- **Exercise objective**: The answer is a stretch of the material below, returned exactly: the line containing "The above figure", the line containing "NAPOLI. Graziano Delrio", and all lines between.

- **Records provided**:
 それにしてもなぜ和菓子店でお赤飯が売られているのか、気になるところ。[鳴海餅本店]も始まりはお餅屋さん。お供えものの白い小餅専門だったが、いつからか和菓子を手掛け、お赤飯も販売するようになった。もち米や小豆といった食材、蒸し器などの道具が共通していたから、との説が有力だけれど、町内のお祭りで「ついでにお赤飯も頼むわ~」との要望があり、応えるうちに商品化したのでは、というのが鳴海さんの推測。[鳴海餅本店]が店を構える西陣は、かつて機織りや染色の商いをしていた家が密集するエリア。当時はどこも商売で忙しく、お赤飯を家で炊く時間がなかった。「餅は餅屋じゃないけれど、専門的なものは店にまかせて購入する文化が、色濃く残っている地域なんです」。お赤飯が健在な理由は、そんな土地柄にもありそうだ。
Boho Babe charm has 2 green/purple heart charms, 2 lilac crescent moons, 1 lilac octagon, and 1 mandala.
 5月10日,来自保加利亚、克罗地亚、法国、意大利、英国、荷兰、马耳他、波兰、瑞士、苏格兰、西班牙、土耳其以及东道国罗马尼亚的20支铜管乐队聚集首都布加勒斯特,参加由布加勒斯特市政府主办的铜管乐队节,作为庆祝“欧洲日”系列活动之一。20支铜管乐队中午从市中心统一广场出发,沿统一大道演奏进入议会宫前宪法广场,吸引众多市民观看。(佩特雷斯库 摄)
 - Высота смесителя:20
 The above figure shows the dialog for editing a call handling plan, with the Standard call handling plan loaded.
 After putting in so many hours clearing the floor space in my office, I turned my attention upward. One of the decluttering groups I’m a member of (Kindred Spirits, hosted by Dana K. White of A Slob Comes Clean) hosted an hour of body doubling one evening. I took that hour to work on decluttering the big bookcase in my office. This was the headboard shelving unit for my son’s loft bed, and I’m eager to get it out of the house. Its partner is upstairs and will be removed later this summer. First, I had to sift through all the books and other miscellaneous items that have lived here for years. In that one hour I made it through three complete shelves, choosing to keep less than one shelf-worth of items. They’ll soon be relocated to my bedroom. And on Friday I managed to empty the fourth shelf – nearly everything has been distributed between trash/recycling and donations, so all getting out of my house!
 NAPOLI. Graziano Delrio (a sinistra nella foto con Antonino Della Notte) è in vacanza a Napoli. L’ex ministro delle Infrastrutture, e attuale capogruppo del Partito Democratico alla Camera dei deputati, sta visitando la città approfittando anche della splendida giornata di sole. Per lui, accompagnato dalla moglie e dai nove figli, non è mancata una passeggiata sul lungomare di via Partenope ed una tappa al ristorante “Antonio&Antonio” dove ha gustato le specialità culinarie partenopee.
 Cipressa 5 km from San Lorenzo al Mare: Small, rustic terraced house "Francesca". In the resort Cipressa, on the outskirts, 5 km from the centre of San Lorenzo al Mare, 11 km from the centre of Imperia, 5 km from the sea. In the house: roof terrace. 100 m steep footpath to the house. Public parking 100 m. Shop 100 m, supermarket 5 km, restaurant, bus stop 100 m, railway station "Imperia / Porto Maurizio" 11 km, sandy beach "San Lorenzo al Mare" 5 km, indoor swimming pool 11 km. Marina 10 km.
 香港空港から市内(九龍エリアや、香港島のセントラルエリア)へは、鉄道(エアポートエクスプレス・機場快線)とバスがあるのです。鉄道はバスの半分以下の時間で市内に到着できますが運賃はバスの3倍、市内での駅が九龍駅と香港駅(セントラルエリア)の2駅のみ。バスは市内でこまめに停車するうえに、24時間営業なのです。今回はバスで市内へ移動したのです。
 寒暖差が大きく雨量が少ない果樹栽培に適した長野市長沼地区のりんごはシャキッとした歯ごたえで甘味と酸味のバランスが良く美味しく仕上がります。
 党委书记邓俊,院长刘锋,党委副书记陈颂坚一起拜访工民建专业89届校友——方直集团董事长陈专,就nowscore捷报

- **Task output**:
 The above figure shows the dialog for editing a call handling plan, with the Standard call handling plan loaded.
 After putting in so many hours clearing the floor space in my office, I turned my attention upward. One of the decluttering groups I’m a member of (Kindred Spirits, hosted by Dana K. White of A Slob Comes Clean) hosted an hour of body doubling one evening. I took that hour to work on decluttering the big bookcase in my office. This was the headboard shelving unit for my son’s loft bed, and I’m eager to get it out of the house. Its partner is upstairs and will be removed later this summer. First, I had to sift through all the books and other miscellaneous items that have lived here for years. In that one hour I made it through three complete shelves, choosing to keep less than one shelf-worth of items. They’ll soon be relocated to my bedroom. And on Friday I managed to empty the fourth shelf – nearly everything has been distributed between trash/recycling and donations, so all getting out of my house!
 NAPOLI. Graziano Delrio (a sinistra nella foto con Antonino Della Notte) è in vacanza a Napoli. L’ex ministro delle Infrastrutture, e attuale capogruppo del Partito Democratico alla Camera dei deputati, sta visitando la città approfittando anche della splendida giornata di sole. Per lui, accompagnato dalla moglie e dai nove figli, non è mancata una passeggiata sul lungomare di via Partenope ed una tappa al ristorante “Antonio&Antonio” dove ha gustato le specialità culinarie partenopee.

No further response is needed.